In 2006, he co-wrote No Limit Hold 'Em: Theory and Practice with David Sklansky. Miller is also co-author of the book Professional No Limit Hold 'em with Matt Flynn and Sunny Mehta published in 2007 and wrote Small Stakes No-Limit Hold’em co-authored with Sunny Mehta and Matt Flynn. Miller came out with How to Read Hands At No-Limit Hold'em in 2011, Playing the Player in 2012, and Poker's 1% in 2014. His newest book, The Course, was released late April 2015.

Miller is part owner and produces educational poker videos for Red Chip Poker and StoxPoker, both subscription fee based poker coaching sites. He also does personal poker coaching.

After becoming a pesco-vegetarian in 2003 and lacto-ovo vegetarian in 2005, Ed Miller and his wife became vegan in 2007. He attributes health concerns as his primary reasons for changing his diet.

==Biography==
After prepping at New Orleans, Louisiana's prestigious Isidore Newman School where Miller was a standout performer on the school's renowned forensics team and in the same graduating class as noted author Christopher Rice and American Idol finalist Judd Harris. He was a member of the U.S. Physics Team. Ed Miller received degrees in both Physics and Electrical Engineering from the Massachusetts Institute of Technology in 2000.

Initially, Miller worked as a software developer for Microsoft. After many months of poker playing in the Seattle area, Ed moved to Las Vegas in 2002 where he met Dr. Alan Schoonmaker, the author of The Psychology of Poker (ISBN 1-880685-25-6). Schoonmaker introduced Ed to David Sklansky and Mason Malmuth of Two Plus Two Publishing, LLC.
Ed married Elaine Vigneault in 2005.

In 2006, Miller was made over by the Fab Five of the Bravo television show, Queer Eye.

The Queer Eye summary:

"You can't be in Vegas without running into a card shark and Ed is that card shark. But you wouldn't know it by looking at him. The wild hair, the overgrown beard, and the overall unkempt look keeps Ed from looking like the high roller that he is. He has a nerdy look but nerdy can be cool. Unfortunately, Ed hasn't gotten the 'cool' part.

Even more unfortunate, Ed's parents lost their home during the wrath of Hurricane Katrina. This is a great time for our boys to 'make better' Ed and throw a poker tournament benefiting the relief efforts in New Orleans."

After living in Manhattan for two years, Miller now lives and works in Las Vegas.

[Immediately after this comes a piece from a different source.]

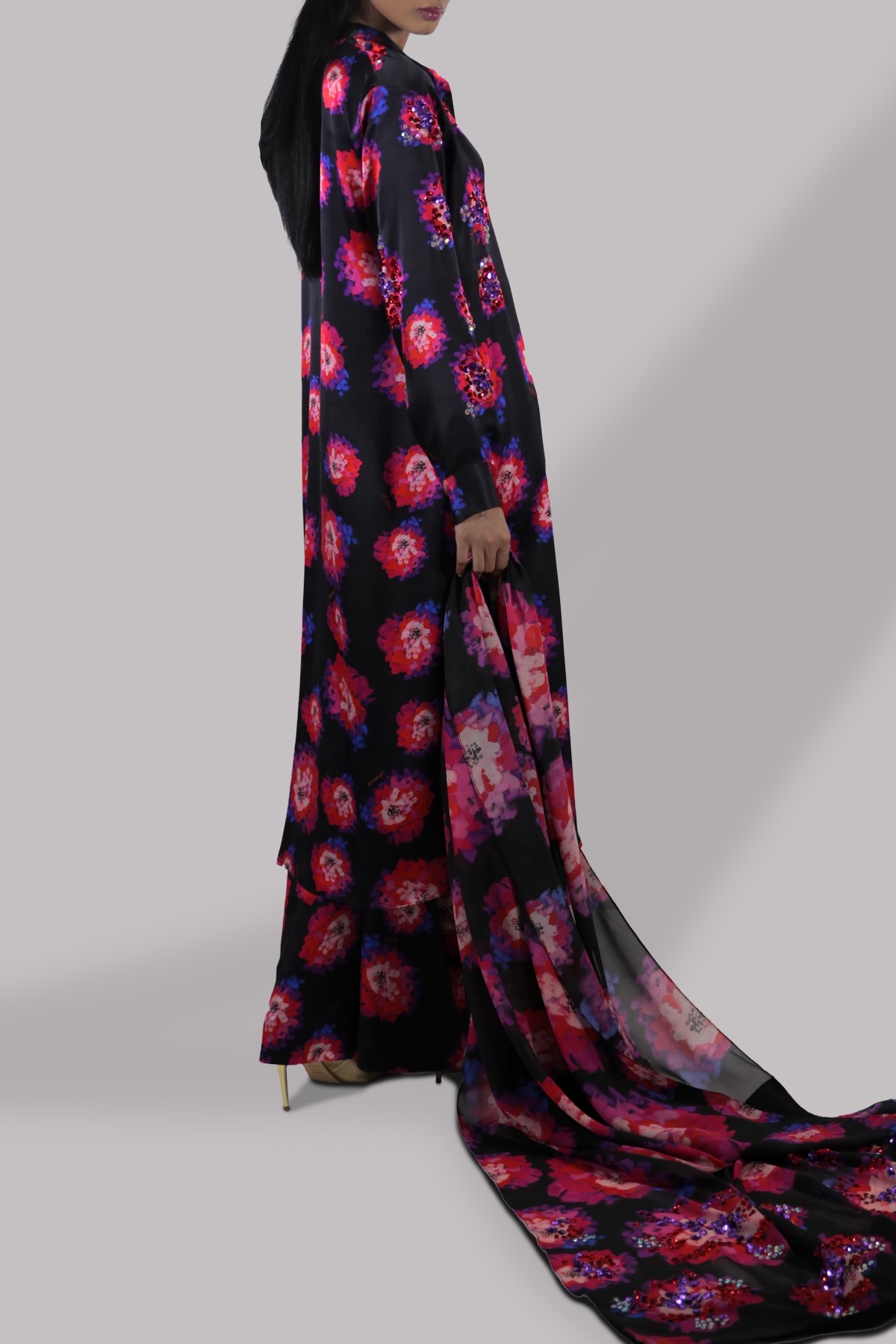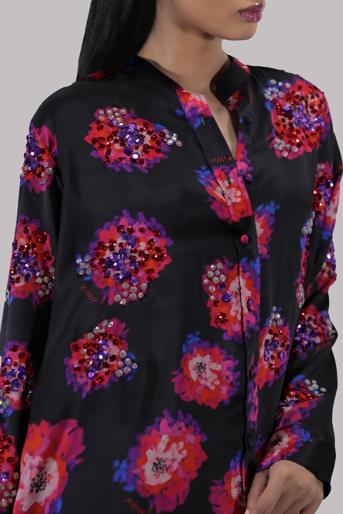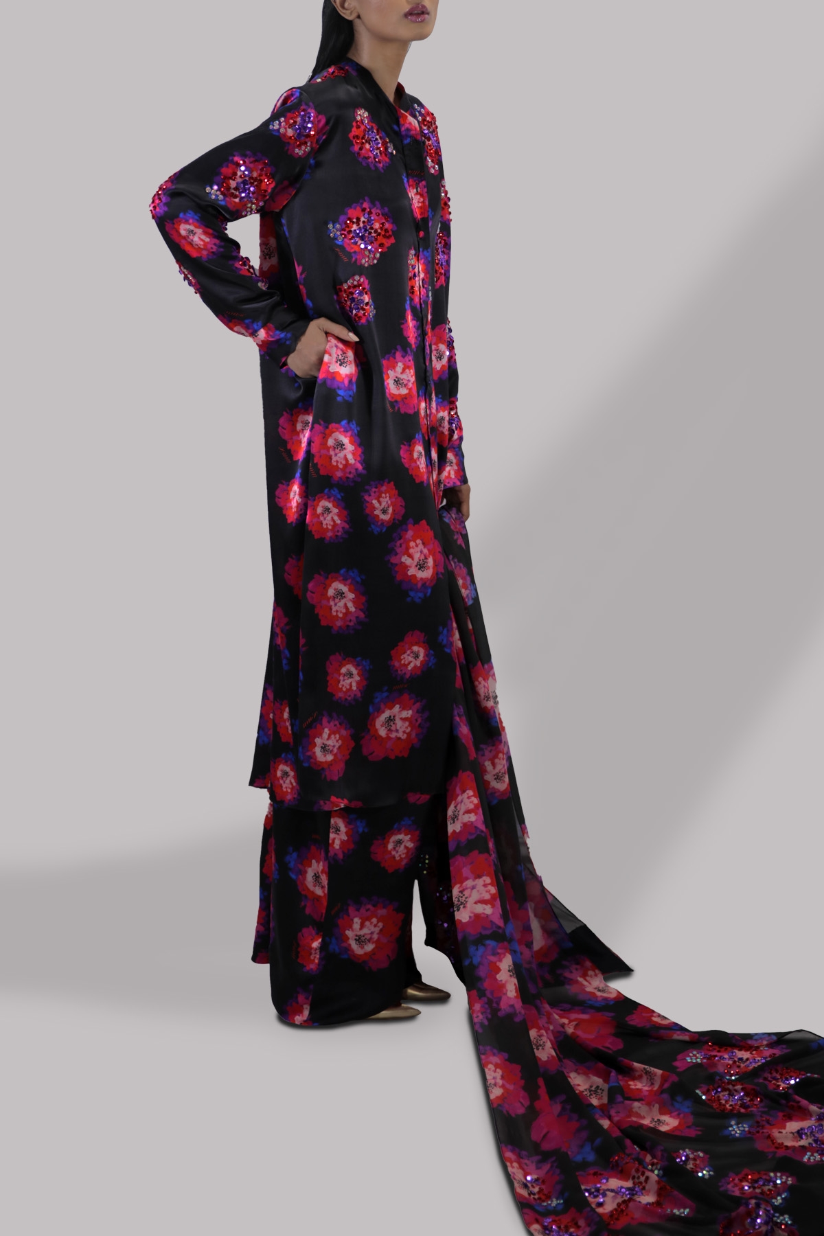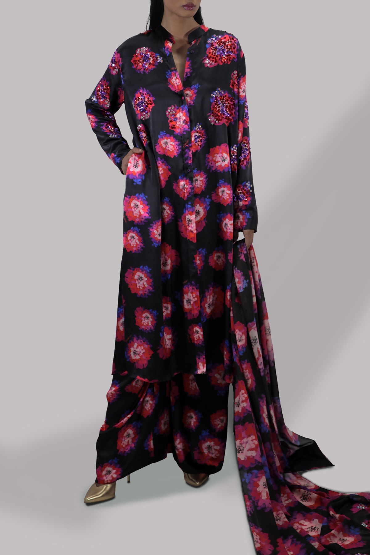 BLACK AND RED DIGITAL PRINT OVERSIZED SATIN SILK COLLARED AND BUTTONED SHIRT, ADORNED WITH GOLD FRENCH BUTTONS AND EXQUISITELY EMBELLISHED WITH FRENCH AND ITALIAN SEQUINS. MATCHING SATIN SILK WIDE LEGGED PANTS AND GEORGETTE DUPATTA, HAND EMBELLISHED WITH MULTI-COLOURED SEQUINS. THIS LOOSE BREEZY SET WITH RICH COLOR PALETTE IS FLAWLESS FOR BALMY DAYS AND PERFECT FOR EVENING OCCASIONS.

==Books written by Ed Miller==
- Ed Miller, David Sklansky, and Mason Malmuth (2004). "Small Stakes Hold 'em: Winning Big With Expert Play"
- Ed Miller (2005). "Getting Started in Hold 'em"
- David Sklansky and Ed Miller (2006). "No Limit Hold 'Em: Theory and Practice"
- Matt Flynn, Sunny Mehta, and Ed Miller (2007). "Professional No Limit Hold 'Em: Volume I"
- Ed Miller, Sunny Mehta, and Matt Flynn (2009). "Small Stakes No-Limit Hold'em"
- Ed Miller (2011). "How to Read Hands at No-Limit Hold'em"
- Ed Miller (2012). "Playing The Player"
- Ed Miller (2014). "Poker's 1%"
- Ed Miller (2015). "The Course"
- Ed Miller, James Sweeney, Doug Hull, and Christian Soto (2015). "STOP! 10 Things Good Poker Players Don't Do"
- Ed Miller, Matthew Davidow (2019). "The Logic Of Sports Betting"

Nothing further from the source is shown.